Aim of the exercise — Please repeat exactly the lines below from the one containing "Buy Dadawen Women's" down to the one containing "Operasyonel kontrollerin iyileştirilmesi", both included, and nothing else.

Top of Extracted records

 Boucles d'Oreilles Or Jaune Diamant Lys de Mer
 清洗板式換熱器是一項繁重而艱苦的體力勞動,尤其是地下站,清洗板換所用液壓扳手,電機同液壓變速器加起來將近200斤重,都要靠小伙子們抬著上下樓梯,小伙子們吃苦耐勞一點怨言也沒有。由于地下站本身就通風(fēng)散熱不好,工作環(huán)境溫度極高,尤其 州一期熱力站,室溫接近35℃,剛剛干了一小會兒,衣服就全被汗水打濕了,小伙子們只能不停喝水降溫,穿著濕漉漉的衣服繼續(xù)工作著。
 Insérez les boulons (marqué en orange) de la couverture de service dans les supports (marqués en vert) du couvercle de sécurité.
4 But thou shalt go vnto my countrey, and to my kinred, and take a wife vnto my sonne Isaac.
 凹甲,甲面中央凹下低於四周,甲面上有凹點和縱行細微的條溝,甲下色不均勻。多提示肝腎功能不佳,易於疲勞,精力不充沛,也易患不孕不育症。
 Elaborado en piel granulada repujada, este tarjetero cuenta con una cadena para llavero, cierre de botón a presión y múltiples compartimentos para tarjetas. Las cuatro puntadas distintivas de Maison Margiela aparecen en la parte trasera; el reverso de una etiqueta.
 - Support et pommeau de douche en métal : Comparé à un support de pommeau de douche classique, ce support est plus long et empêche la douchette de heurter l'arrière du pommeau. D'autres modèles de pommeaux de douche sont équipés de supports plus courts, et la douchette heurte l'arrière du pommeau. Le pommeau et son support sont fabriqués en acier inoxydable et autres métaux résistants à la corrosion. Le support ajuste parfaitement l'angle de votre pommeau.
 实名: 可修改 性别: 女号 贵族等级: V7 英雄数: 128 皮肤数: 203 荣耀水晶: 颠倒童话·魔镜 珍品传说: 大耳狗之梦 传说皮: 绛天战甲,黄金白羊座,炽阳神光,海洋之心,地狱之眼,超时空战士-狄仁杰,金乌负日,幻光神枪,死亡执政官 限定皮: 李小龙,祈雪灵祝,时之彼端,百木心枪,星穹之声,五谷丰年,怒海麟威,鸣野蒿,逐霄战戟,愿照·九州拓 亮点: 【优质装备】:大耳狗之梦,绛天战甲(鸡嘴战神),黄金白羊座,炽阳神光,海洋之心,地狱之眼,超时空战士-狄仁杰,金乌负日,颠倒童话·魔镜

Bottom of Extracted records
Top of Extracted records

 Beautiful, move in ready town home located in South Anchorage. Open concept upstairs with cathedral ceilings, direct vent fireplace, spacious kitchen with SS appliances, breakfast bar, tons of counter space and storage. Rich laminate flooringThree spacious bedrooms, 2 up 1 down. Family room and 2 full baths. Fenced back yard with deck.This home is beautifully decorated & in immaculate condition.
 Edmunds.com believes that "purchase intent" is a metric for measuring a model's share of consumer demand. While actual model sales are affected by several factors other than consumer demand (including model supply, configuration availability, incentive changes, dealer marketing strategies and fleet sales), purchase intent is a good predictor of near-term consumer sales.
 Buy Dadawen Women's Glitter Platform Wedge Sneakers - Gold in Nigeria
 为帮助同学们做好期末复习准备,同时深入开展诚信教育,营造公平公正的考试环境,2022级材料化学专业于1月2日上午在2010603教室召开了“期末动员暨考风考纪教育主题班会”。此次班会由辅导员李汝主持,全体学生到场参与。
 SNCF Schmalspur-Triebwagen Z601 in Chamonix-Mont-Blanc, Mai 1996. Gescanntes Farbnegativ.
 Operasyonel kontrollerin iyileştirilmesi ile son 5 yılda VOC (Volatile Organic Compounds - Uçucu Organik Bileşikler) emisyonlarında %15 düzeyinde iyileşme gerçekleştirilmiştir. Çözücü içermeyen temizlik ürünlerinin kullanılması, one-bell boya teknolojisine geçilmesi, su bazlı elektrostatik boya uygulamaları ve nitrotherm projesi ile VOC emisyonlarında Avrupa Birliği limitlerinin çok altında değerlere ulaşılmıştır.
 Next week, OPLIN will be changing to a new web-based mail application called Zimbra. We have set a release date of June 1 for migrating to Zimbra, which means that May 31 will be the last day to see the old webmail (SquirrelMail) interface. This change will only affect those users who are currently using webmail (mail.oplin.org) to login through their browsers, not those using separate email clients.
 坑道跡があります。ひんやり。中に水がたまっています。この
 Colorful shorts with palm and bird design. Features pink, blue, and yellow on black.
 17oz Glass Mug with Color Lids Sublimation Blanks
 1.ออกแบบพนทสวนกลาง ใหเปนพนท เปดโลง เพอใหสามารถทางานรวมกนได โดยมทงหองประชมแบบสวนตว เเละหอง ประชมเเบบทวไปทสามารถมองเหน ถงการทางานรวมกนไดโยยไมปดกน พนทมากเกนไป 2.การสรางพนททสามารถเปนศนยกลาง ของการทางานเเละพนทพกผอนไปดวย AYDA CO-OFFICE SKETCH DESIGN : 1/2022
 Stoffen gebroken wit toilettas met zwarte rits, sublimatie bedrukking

Bottom of Extracted records
Top of Extracted records

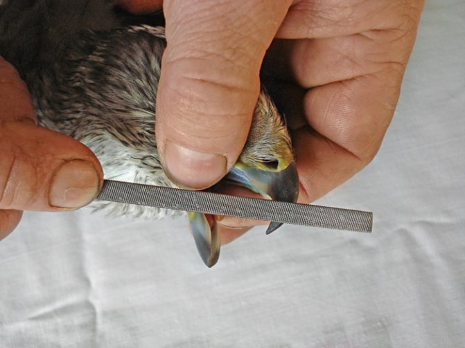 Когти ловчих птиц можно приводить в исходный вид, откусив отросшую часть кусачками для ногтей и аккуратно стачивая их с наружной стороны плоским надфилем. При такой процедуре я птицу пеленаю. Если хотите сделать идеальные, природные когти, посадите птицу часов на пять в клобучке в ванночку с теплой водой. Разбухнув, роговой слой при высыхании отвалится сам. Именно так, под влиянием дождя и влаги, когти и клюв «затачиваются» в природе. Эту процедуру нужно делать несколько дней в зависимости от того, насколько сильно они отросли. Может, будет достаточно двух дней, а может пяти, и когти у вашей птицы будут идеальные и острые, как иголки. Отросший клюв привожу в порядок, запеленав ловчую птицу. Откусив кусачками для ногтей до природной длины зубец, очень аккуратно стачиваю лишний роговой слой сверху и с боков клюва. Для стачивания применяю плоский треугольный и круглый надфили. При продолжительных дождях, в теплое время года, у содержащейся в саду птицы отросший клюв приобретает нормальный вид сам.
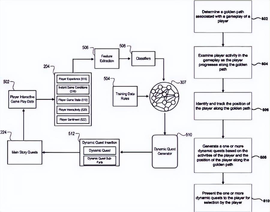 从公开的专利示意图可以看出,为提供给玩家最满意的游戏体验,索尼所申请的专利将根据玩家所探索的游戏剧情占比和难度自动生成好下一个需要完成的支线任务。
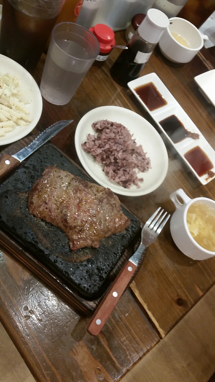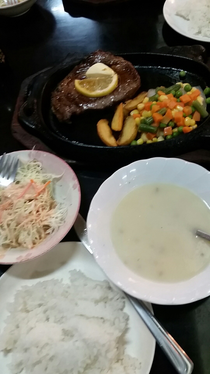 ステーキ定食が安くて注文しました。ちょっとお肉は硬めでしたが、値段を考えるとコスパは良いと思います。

Bottom of Extracted records

Your response —
 Buy Dadawen Women's Glitter Platform Wedge Sneakers - Gold in Nigeria
 为帮助同学们做好期末复习准备,同时深入开展诚信教育,营造公平公正的考试环境,2022级材料化学专业于1月2日上午在2010603教室召开了“期末动员暨考风考纪教育主题班会”。此次班会由辅导员李汝主持,全体学生到场参与。
 SNCF Schmalspur-Triebwagen Z601 in Chamonix-Mont-Blanc, Mai 1996. Gescanntes Farbnegativ.
 Operasyonel kontrollerin iyileştirilmesi ile son 5 yılda VOC (Volatile Organic Compounds - Uçucu Organik Bileşikler) emisyonlarında %15 düzeyinde iyileşme gerçekleştirilmiştir. Çözücü içermeyen temizlik ürünlerinin kullanılması, one-bell boya teknolojisine geçilmesi, su bazlı elektrostatik boya uygulamaları ve nitrotherm projesi ile VOC emisyonlarında Avrupa Birliği limitlerinin çok altında değerlere ulaşılmıştır.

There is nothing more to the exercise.